Supply Chain Factors: Ongoing supply chain disruptions and geopolitical tensions are contributing to the fluctuations in copper prices, impacting overall market stability.
Future Outlook: Analysts are closely monitoring copper trends as they may signal broader economic trends, with potential implications for investment strategies and market forecasts.
- Acquisition Overview: Hudbay Minerals has agreed to acquire Arizona Sonoran Copper shares for $1.48 billion in an all-stock deal, creating one of North America's most significant copper districts, which will enable Hudbay to scale its copper production from approximately 125,000 metric tons per year to over 250,000 tons by 2030.

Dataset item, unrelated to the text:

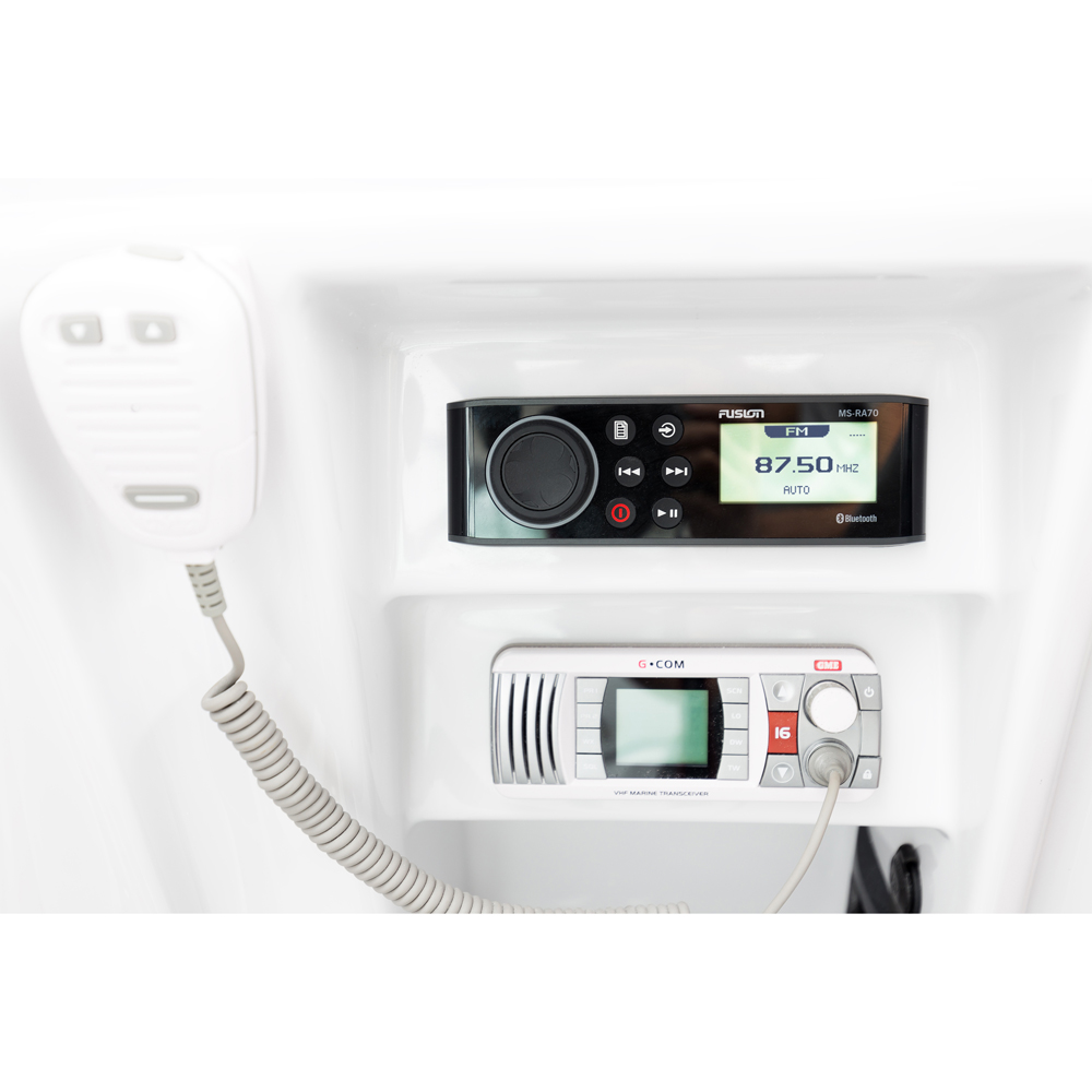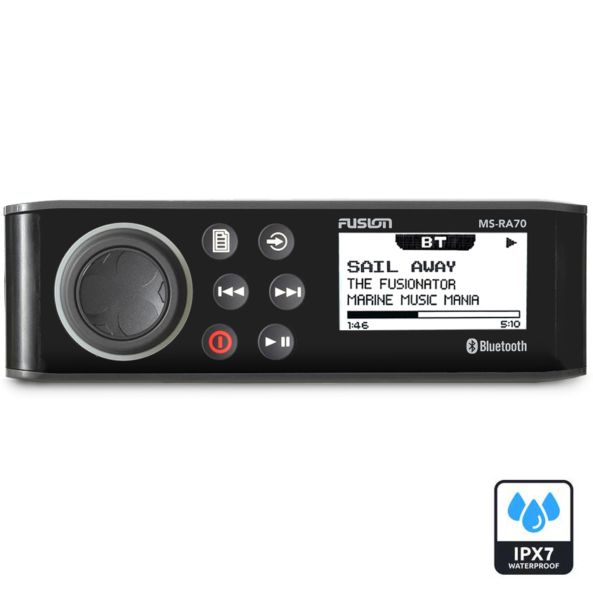 Ersetze dein vorhandenes 1-DIN Radio problemlos durch ein vielfältiges Marineradio der RA70-Serie von Fusion®. Die RA70-Serie umfasst zwei Varianten: das RA70 und auf Anfrage das RA70N mit NMEA2000 zur Steuerung über ihren kompatiblen GARMIN Kartenplotter.

- Shareholder Benefit Analysis: Under the deal terms, each Arizona Sonoran shareholder will receive 0.242 of a Hudbay share, equating to C$9.35 per share, representing a 29.5% premium over Friday's closing price, providing significant returns for Arizona Sonoran investors.
- Production Capacity Expectations: Hudbay anticipates that its Copper World project will produce an average of 92,000 tons of copper annually over the first ten years, while the Cactus project is expected to add another 103,000 tons per year, significantly enhancing the company's competitive position in the market.
- Shareholder Structure Changes: Following the completion of the transaction, existing Hudbay shareholders will own approximately 89% of the combined company, with Arizona Sonoran shareholders holding the remaining 11%, which will impact the governance structure and future strategic direction of the company.
- Acquisition Agreement: Hudbay Minerals has entered into a definitive agreement to acquire Arizona Sonoran Copper Company in an all-share transaction valued at approximately $1.48 billion, expected to close in Q2 2026, marking a strategic expansion in the copper mining sector.
- Shareholder Value Increase: Under the terms, Arizona Sonoran shareholders will receive 0.242 Hudbay common shares for each Arizona share held, implying a value of C$9.35 per share based on Hudbay's February 27 closing price, representing a 30% premium over Arizona's closing price.
- Positive Market Reaction: Following the acquisition announcement, Arizona's stock rose 3.74% to C$7.22 on the Toronto Stock Exchange, while Hudbay's shares increased by 0.78% to C$38.65, indicating a favorable market response to the deal.
- Strategic Growth Potential: The acquisition will enable Hudbay to fully own the Cactus copper project in Arizona, enhancing its growth pipeline in the U.S., particularly in synergy with the Copper World project, laying a foundation for future growth.